Monday, February 11, 2019

Avoiding the Middle Age Bitterness Trap

I'm getting through middle age by tapping into my inner Peter Falk

Hitting 40 did not seem like much of a milestone, but age 43 has suddenly brought all the middle-aged thoughts I thought were coming three years ago. They aren't all necessarily bad. I think all the time about how I've done a lot in my life, and that what I do for a living has had a positive impact on the world. I'm okay not being young anymore. The bad thoughts are the morbid ones, of course. At this point it's very likely that I have more yesterdays than tomorrows. The problem with having gained a renewed will to live in the past eight years is that death scares me a lot more than it used to. In my younger days I was pretty ambivalent about living. I have learned to enjoy life more fully and now I desperately don't want to have to give it up.

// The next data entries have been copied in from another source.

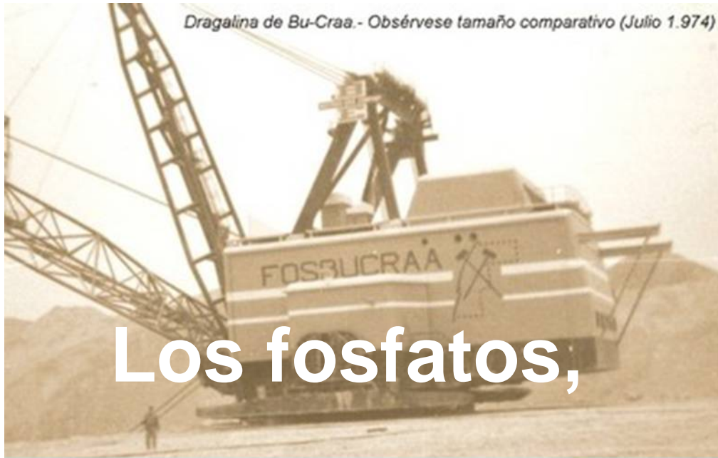
Dragalina de Bu-Craa.- Obsérvese tamaño comparativo (Julio 1.974)
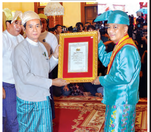
ပြည်သူ့လွှတ်တော်ဥက္ကဋ္ဌ ဦးဝင်းမြင့် ဘွဲ့တံဆိပ်ရရှိသူတစ်ဦးအား ဘွဲ့တံဆိပ်နှင့်အဆောင်အယောင်တို့ကို ပေးအပ်ချီးမြှင့်စဉ်။
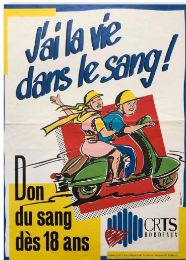
Anciennes affiches de promotion du don de sang des Centres de transfusion sanguine
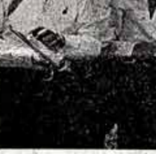
На XII Международном кинофестивале в Москве. Пионерское жюри конкурса фильмов для детей.
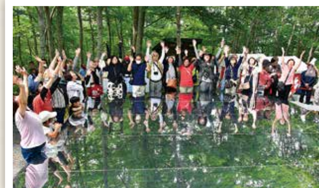
令和 7 年度空気まつり (6/5・6/7 ~ 8) 町内外の来町者が空気の大切さを感じ、楽しむ
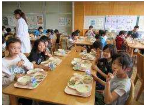
交流給食は楽しいね！

今年度も7月からランチルームを利用した交流給食が始まりました。1年生と6年生、2年生と4年生、3年生と5年生の組み合わせで2クラスの上級生と下級生が同じテーブルで自己紹介などをしながら給食をいただきました。上級生の中には下級生のネームプレートを作ってくれたクラスもあり、交流給食の楽しい時間を過ごすことができました。また一緒に食べたいというリクエストもたくさんありました。
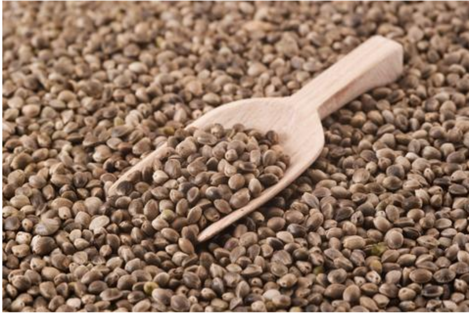
Slika 4.: Sjemenke konoplje

Sometimes on my morning commute I hope that when I eventually go I'm more prepared for it.

At the same time, watching other middle-aged people around me has made me hyper-aware of the traps of middle age. The two big ones are bitterness and resentment, which usually come together. Middle age is when you have the harrowing realization that you have become what you are. In youth you tend to think of yourself becoming something, there is still room for self-invention, and still room to think that your faults will eventually fade. If you don't "make it" in your chosen field by your 40s, well, you're never going to make it. That can be a spur for bitterness and resentment.

For the vast the majority of us never achieve the things we dream, and our consumerist society is constantly pushing us to "dream big," which usually means a big disappointment. In that respect I am glad that I left academia at the age of 35, when I was still young enough to reinvent myself and recover from the mental blow that transition made. If I did so at 40 I wonder if I would feel so good about myself right now.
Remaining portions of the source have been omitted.